Days 24 to 26 – Into the hills

We didn’t see much of Ribadeo, preferring to stay in our apartment, chilling and eating in for a change. The others appeared pleasantly surprised by my spag bol, at least that’s my interpretation, as they wolfed down two helpings each!  The town did look special in the morning light though, as we looked back at the sunrise from our vantage point in the hills. 
I’ve acquired a new hat, having carelessly left my much loved legionnaires cap at a Pension a few days earlier. A couple of nights later in our albergue, an Israeli girl ‘Shimmie’ was having a clear out of excess kit, and I’m now the proud owner of a tatty but rather characterful straw hat.  Thanks Shimmie, it’s been a life saver in the afternoon sun. 

After the last few days trekking predominantly on tarmac and too many main roads, turning South West towards Santiago has been such a pleasure and we feel re-invigorated. 

The local authorities are working hard to build new trails to bypass the busier roads on the Camino del Norte as it becomes increasingly popular, but there are places where it’s not possible.  At times we had to squeeze up to the barriers on tight bends to avoid being side swiped by speeding vehicles. Not my idea of a good walk. 

So I was singing away whilst enjoying the beautiful scenery, much to Jannik’s annoyance.  “Peter, please don’t sing so early in the morning” he demands. “Don’t you like my singing Jannik?”  “No, especially in the mornings.?  Occasionally he strides ahead to create distance between us to avoid listening to my warblings.  Personally, I don’t understand it, but he’s still young..

We have left Asturia and are in Galicia, pronounced ‘Gal-ee-th-ia’… It is advantageous to have a lisp when speaking Spanish.  To confuse the peregrinos, the concha (shell) signs are now reversed, so instead of following the direction of the shells where the lines converge, it’s now the other way around. 

Snail trail
 

We reached our day’s destination of Lourenzá at the back end of a local artisans’ fair and were happy to bump into our recent new friends Leonardo, Liz and Susan who we got to know at previous albergues. Leonardo is a typical Italian waiter, currently plying his trade in Vienna, a pretty cool guy and quite the charmer, always smiling and chatting with everybody. 

Liz and Susan are two delightful American girls, not so long graduated, who are doing the Camino as part of a longer European trip.  They seem to be having a lot of fun along the Way, always laughing and giggling together, great company and a joy to be around.

Our paths also kept crossing the next day as we kept climbing, admiring the magnificent mountains ahead of us, until realising we had to somehow get over them, and not a cable car in sight!

Earlier that morning we had passed by the local cemetery with the crosses eerily peering over the wall at us in the mist, like ghoulish wraiths.
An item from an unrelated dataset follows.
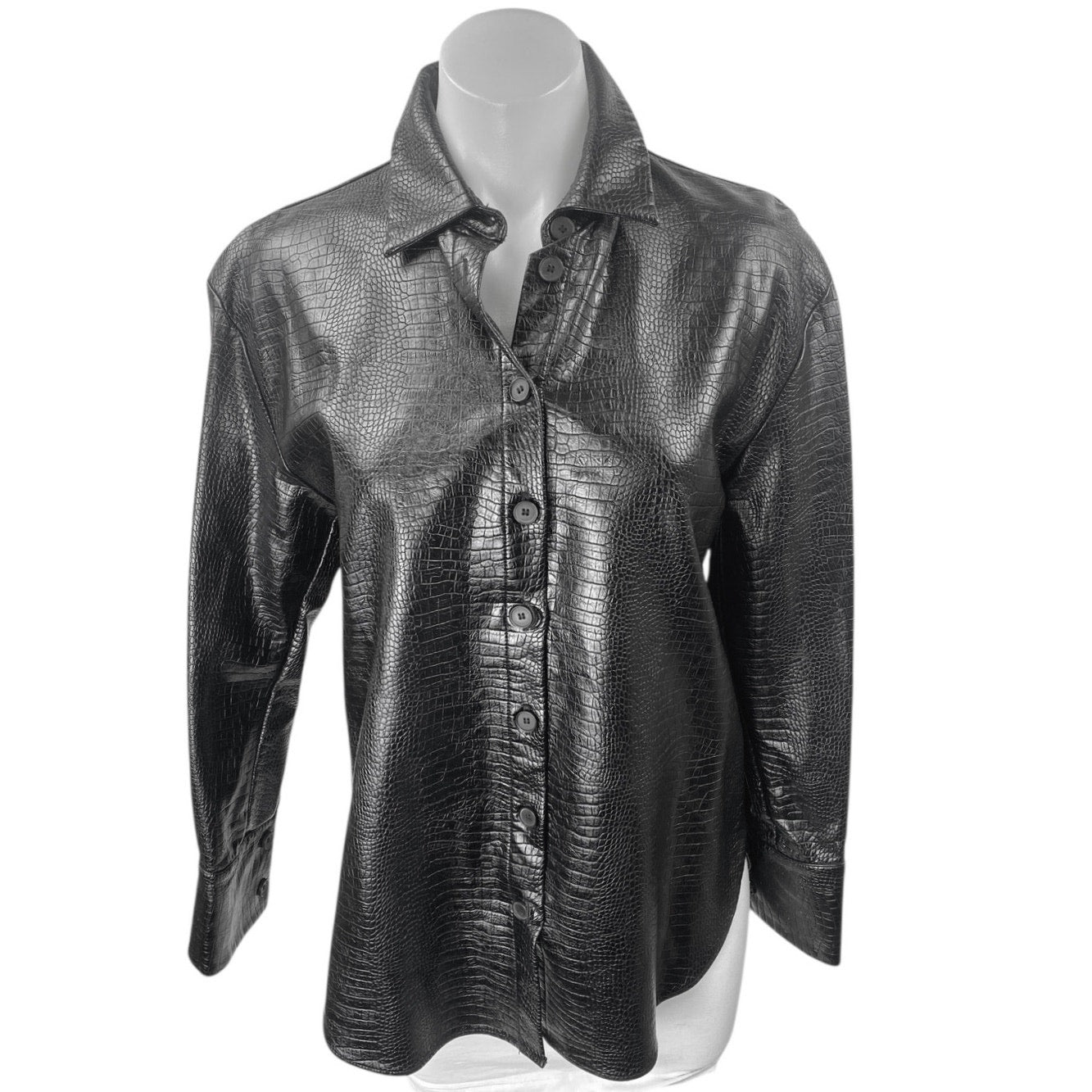 Zara Women's Black Faux Leather Vegan Croc Long Sleeve Button Up Jacket Size S

A cold shiver went through me and I moved quickly on. 

Fortunately the rest of the day was much more tranquil, walking along farm tracks and quiet local roads, only briefly kissing the autopista (motorway). And the weather remains benign, a big bonus in Galicia which, rather like the Lake District, relies on regular rainfall to make it so lush and green. 

We stopped for coffee in the square in Monteñedo, in front of the impressive 13th century cathedral, containing some of Galicia’s oldest frescos.  And yes, guess who we bumped into?!  In fact, it turned out to be quite a meeting place for pilgrims that day. 

The final climb to our Pension in Abadin was long and steep but it didn’t feel too strenuous, despite the height we gained, thanks to the distraction of our beautiful surroundings.  Max’s calf muscle seems to have improved, Jannik is managing his blisters and I’m smugly walking better than ever. We ate well in our Pension, joined by the Famous Three for the Peregrinos’ menu. 

Top of the climb (fabulous hat!)

Sadly, the ‘Quatro Amigos’ will soon be breaking up. Jannik and I are planning to reach Santiago by Friday, so 5 days to cover the remaining 140 kms, a quite comfortable 28kms a day. Max and Anton don’t plan to get there until the weekend… time is the privilege of the retired. 

Today has been wonderful. An easy 21 kms morning stroll in the atmospheric mist to our excellent albergue in Vivalba, and the afternoon spent exploring the town and playing by the river, once the hot sun had broken through. 

Chilling in the albergue
Chilling by the river
The webs of 1,000 spiders or aomething less sinister
Peace and tranquillity

Tomorrow will be much tougher, 35 kms to an albergue in Miraz run by volunteers from the Confraternity of St James, an English organisation devoted to promoting the pilgrimage to Santiago.  I’m looking forward to spending some time there relaxing over tea in the garden!  So an early night is due.